Now, let’s derive an alternative expression for \(\mathbb{E}[Y|D,X]\) using the equation \(Y_i = \beta_0 + \alpha D_i + \beta_1 X_i + \beta_2 W_i + U_i\) as the starting point. In particular, by just plugging in \(Y\) from this expression into \(\mathbb{E}[Y|D,X]\), notice that:

\[ \begin{aligned} \mathbb{E}[Y|D, X] &= \mathbb{E}[\beta_0 + \alpha D + \beta_1 X + \beta_2 W + U | D, X] \\ &= \beta_0 + \alpha D + \beta_1 X + \beta_2 \mathbb{E}[W|D,X] + \mathbb{E}[U|D,X] \\ &= \beta_0 + \alpha D + \beta_1 X + \beta_2 (\gamma_0 + \gamma_1 D + \gamma_2 X) \\ &= \underbrace{(\beta_0 + \beta_2 \gamma_0)}_{\delta_0} + \underbrace{(\alpha + \beta_2 \gamma_1)}_{\delta_1} D + \underbrace{(\beta_1 + \beta_2 \gamma_2)}_{\delta_2} X \end{aligned} \]

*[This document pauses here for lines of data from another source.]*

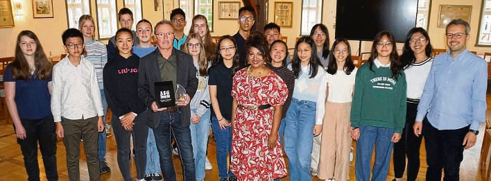 Eine Schülergruppe aus Singapur ist derzeit zu Gast an der Frankenberger Edertalschule. Die zehn Jugendlichen sind am Pfingstsonntag angereist und bleiben noch bis Mittwoch, 29. Mai im Frankenberger Land. Untergebracht sind die Schüler in Gastfamilien bei Edertalschülern. Die Organisation vor Ort erfolgt durch Lehrer Marco Nezi (rechts). Erster Stadtrat Willi Naumann (vorne) hat die Gäste aus Singapur gestern offiziell im Sitzungssaal des Rathauses begrüßt und nahm eine Skulptur als Gastgeschenk entgegen. „Ich glaube, dass so ein Austausch sehr wichtig ist, um mehr über andere Länder zu erfahren“, sagte er. Kommende Woche steht unter anderem auch ein Bauernhofbesuch bei Familie Landau in Röddenau auf dem Programm. Für die Schüler sei es etwas „völlig Außergewöhnliches“ eine Kuh oder ein Pferd zu sehen, sagte Lehrerin Sheela Östlund aus Singapur.
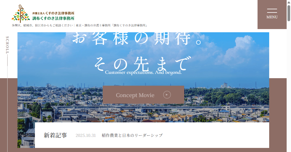 弁護士法人調布くすのき法律事務所は、地域の信頼を得る親しみやすさと高い専門性を兼ね備えた法律事務所として、持続的なサービスの改善に努めています。
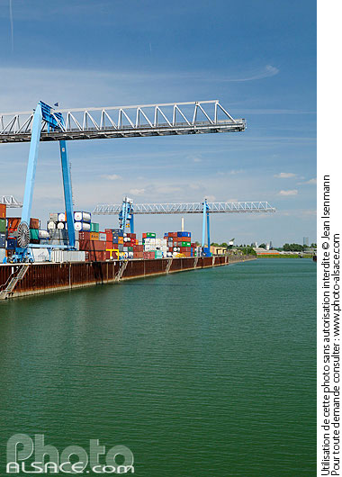 Allemagne bassin portuaire conteneur grue photo vertical port Rhenanie-Palatinat transport fluvial

where the first equality holds by plugging in \(Y\) from Equation (1), the second equality holds by properties of expectations (and since we are conditioning on \(D\) and \(X\)), the third equality holds from Equation (3) and because \(\mathbb{E}[U|D,X]=0\), the fourth equality just rearranges terms. This is an alternative expression for a regression of \(Y\) on \(D\) and \(X\) in terms of the \(\beta\)’s and \(\gamma\)’s. And, most importantly, it implies that

\[ \delta_1 = \alpha + \beta_2 \gamma_1 \]

In words, this means that the coefficient on \(D\) in a regression of \(Y\) on \(D\) and \(X\) (that ignores \(W\)) will not be equal to \(\alpha\) unless \(\beta_2=0\) (this would occur if the partial effect of \(W\) on \(Y\) is equal to 0) or \(\gamma_1=0\) (this would occur if \(D\) and \(W\) are uncorrelated after controlling for \(X\)).